Then last summer some striped cushions and seating with a vaguely maritime mid-century aesthetic appeared in the outdoor area, and I sensed that change was afoot. Sure enough, hotelier André Balazs had stepped in, scooped up the under-funded, charmless structure (which he himself once referred to as "a travesty of architecture") and was giving it The Standard treatment. Every day something about the evolving Standard East Village seemed more au bon goût.


In January, when Narcissa -- a restaurant named after a cow named after a flower named after a Greek god -- bloomed on the ground floor, my faith in Balazs' ability to refine the inelegant was confirmed. He partnered with John Fraser, the chef-owner of Dovetail, to open the inviting open rooms with a summery Scandinavian mountain lodge ambiance: high ceilings, warm light, golden wood.

Fraser's vegetable-focused food is irresistible. The Michelin starred-chef's devotion to seasonal, well-sourced produce is evident in every bite, and apparently much of the menu hails from Balazs' private Hudson Valley estate farm, Locusts on Hudson (whether it's factual or not, would that all New York veggie-loving chefs be able to claim such pedigree for their produce!).


The chef's passion for vegetables and the California cuisine of his beginnings guides the dishes even when a plate is not strictly vegetarian. A salad of Brussels sprouts with shaved baby roots, fruits, ham and manchego, is captivating thanks to cumin oil-enriched "vinaigrette" and seeds clinging to the apple, grape, radish, shaved cauliflower and fennel; I barely noticed (or needed) the ham. Rotisserie beets are a vegetarian's version of a Sunday roast. In the land of Fraser, the beet becomes the meat, with its crisped skin, blood red juices, melt-in-your-mouth tender interior and beefy accoutrements: horseradish crème and fresh dill.


A pierced poached farm egg poured by our server into a bowl of earthy forest mushrooms and wonderful clean chayote became a rich potage; with toast points, I'd happily eat this every day for breakfast. Grilled sweet potato with jerk spices and tofu aioli was cohesive and predictably tasty. Baked oysters, served on a bed of spice-laced salt crystals, were barely cooked (that's a good thing) beneath a truffle buttery bonito crust. Waiter, I'll take two dozen.

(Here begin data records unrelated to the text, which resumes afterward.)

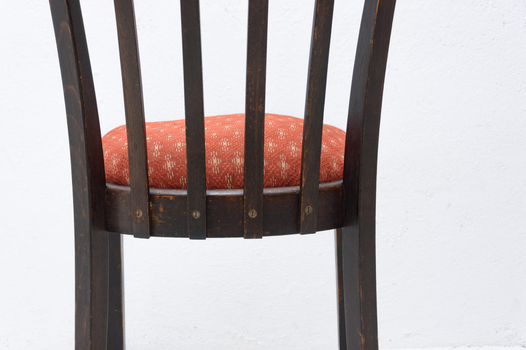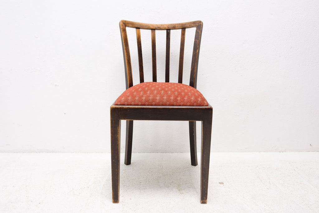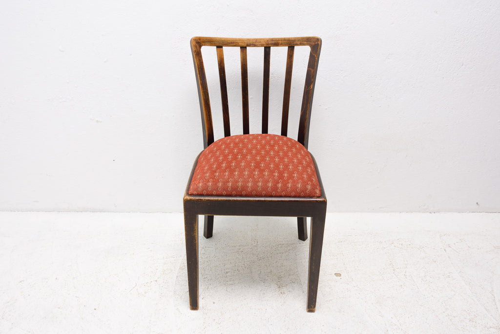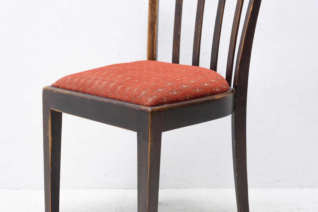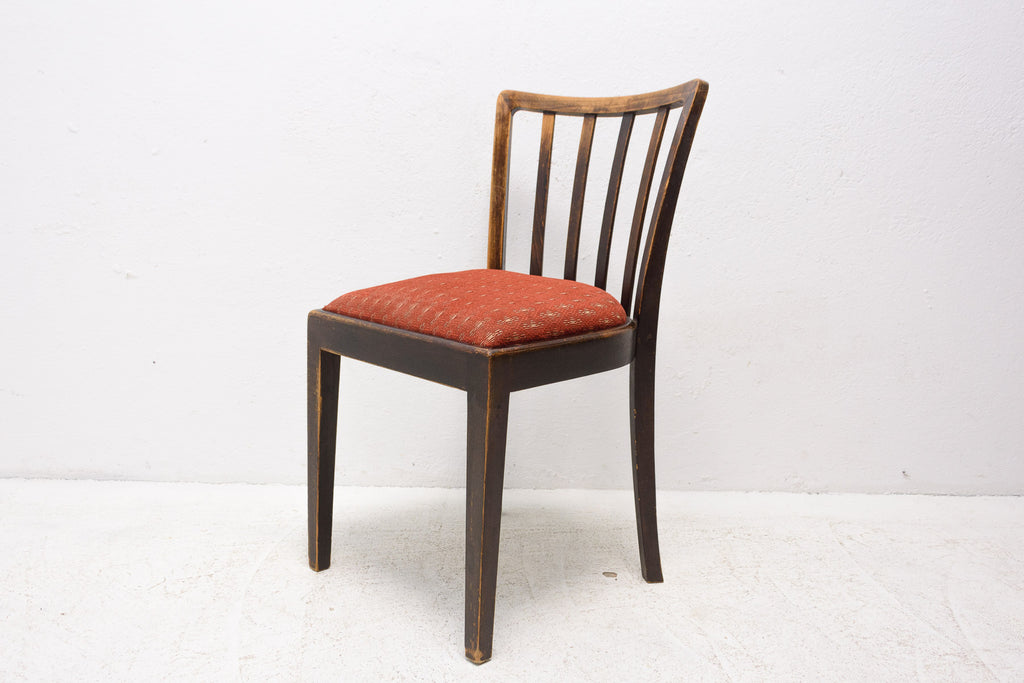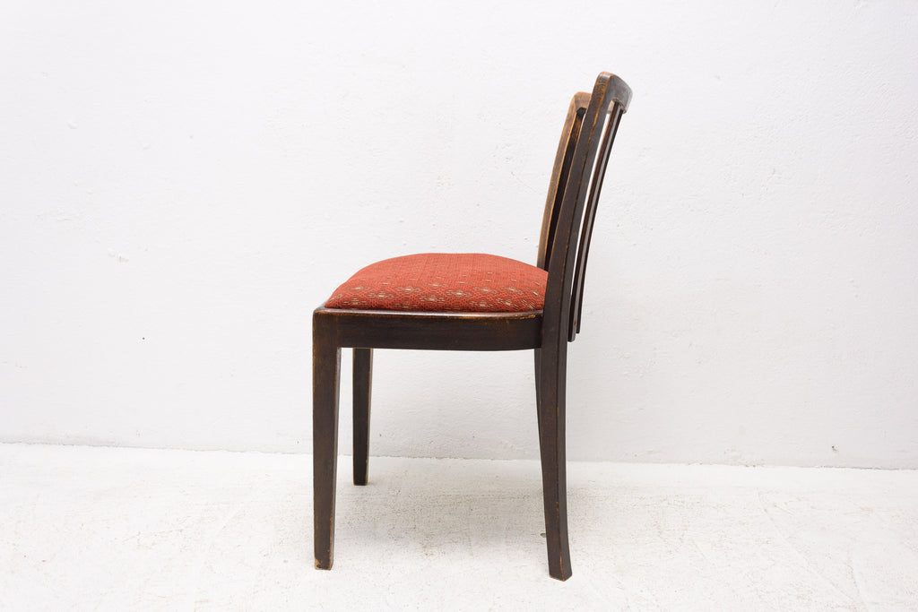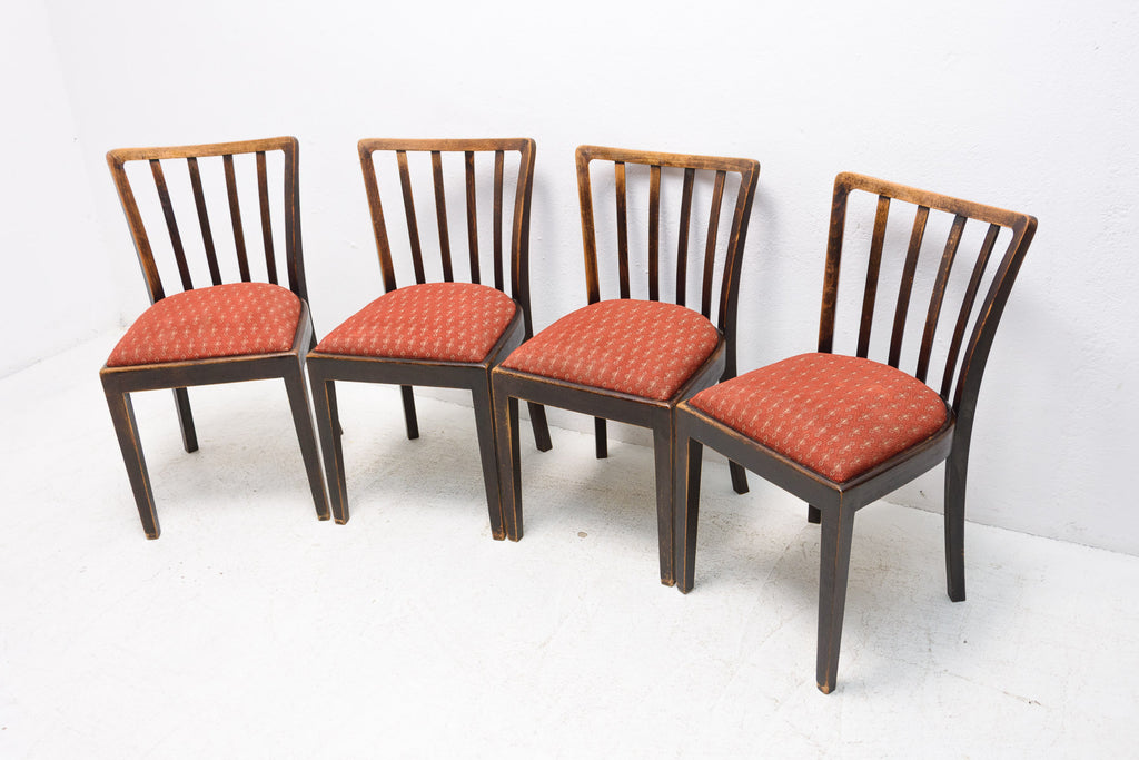 Set of four dining chairs, these were made in the former Czechoslovakia in the 1950´s . Made of beech wood and upholstered in fabric. The chairs are in good Vintage condition, with wear appropriate for the age of chairs. Price is for the set of four.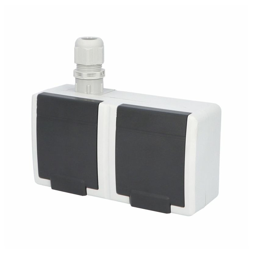 ATLAS 2K 19083-09 IP55 Zásuvka 2x 2P+PE, 2-násobná vodorovná s ochr. kolíkem, na povrch, antracitová RAL 7016. Rozteč kotvících bodů (výška x šířka ): 63x136mm.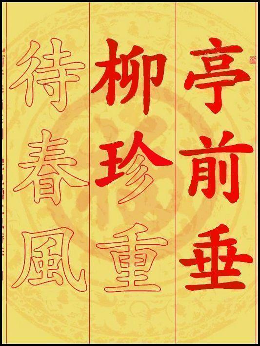 この「九九消寒図」は計3枚から成り、うち2枚が梅の花バージョン。一つは扇型で、もう一つは縦長となっており、「宋人折梅花」のデザインを元に作られており、81枚の花弁がとても美しい。最後の1枚は文字のバージョンで「亭前垂柳珍重待春風(fēng)」という文字が書かれており、清代の皇室で流行したデザインで、故宮の養(yǎng)心殿にかけられていたのもこのデザインとなる。すべて9畫から成る9つの文字で、朱砂で毎日赤く染めると、ちょうど81日となる。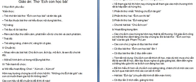 Ngoài File PowerPoint, giáo án thơ “Ếch con học bài” còn có file Word có thể tải về và chỉnh sửa, mời các cô tham khảo.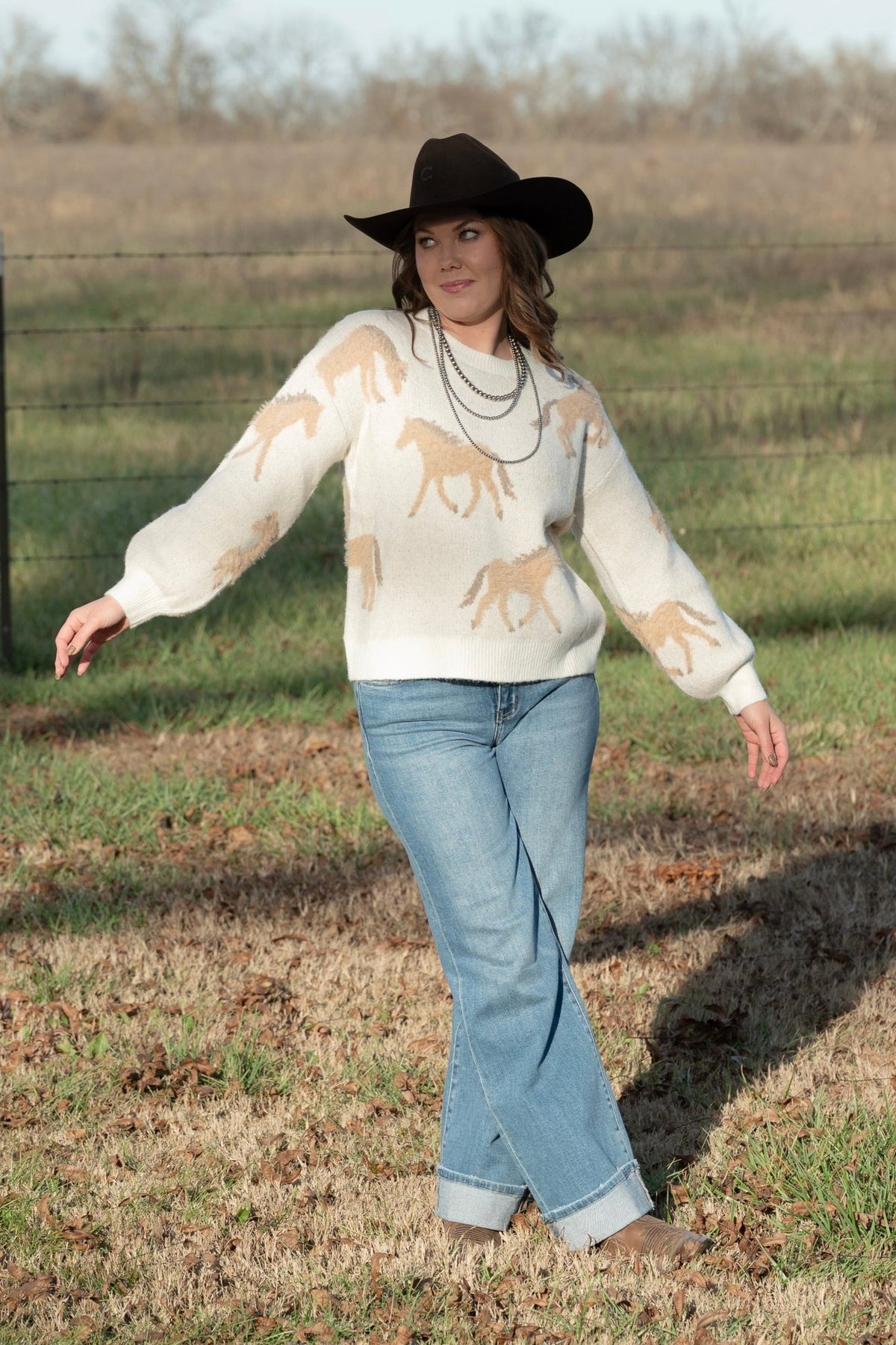 Soft, cozy, and full of character, this sweater features a charming galloping horse motif in warm tan tones. Crafted from a plush knit that feels soft against the skin, it offers a classic fit with ribbed trims for a polished touch. Perfect for pairing with tailored trousers or casual denim, it blends whimsical design with timeless comfort.

Steamed black bass fillets served in a turmeric-charged "French curry" broth was a revelation. Tiny de puys lentil beads in saffron-hued liquid, cabbage, apricots, almonds and cilantro to balance the feisty curry; French by way of Algiers, I'd say. Fried young carrots encased in a fluffy batter and served with spicy jalapeño-tofu dip are a signature side, one that probably lands on every table.


The menu is elevated, yet approachable, with something for everyone, which is what one needs and expects from a hotel restaurant. Roast hake was cooked beautifully but its accompaniments (clementine, artichokes, endive & tapenade) felt obvious and safe. Carrots Wellington with sunchokes and bluefoots, though theoretically brilliant was a low point. The carrots were cooked way past an inch of their young lives, and huddled together, shriveled and tired inside an over-buttered filo. A health-conscious diner expecting a vegetarian entrée option would be perturbed by the weightiness of this dish.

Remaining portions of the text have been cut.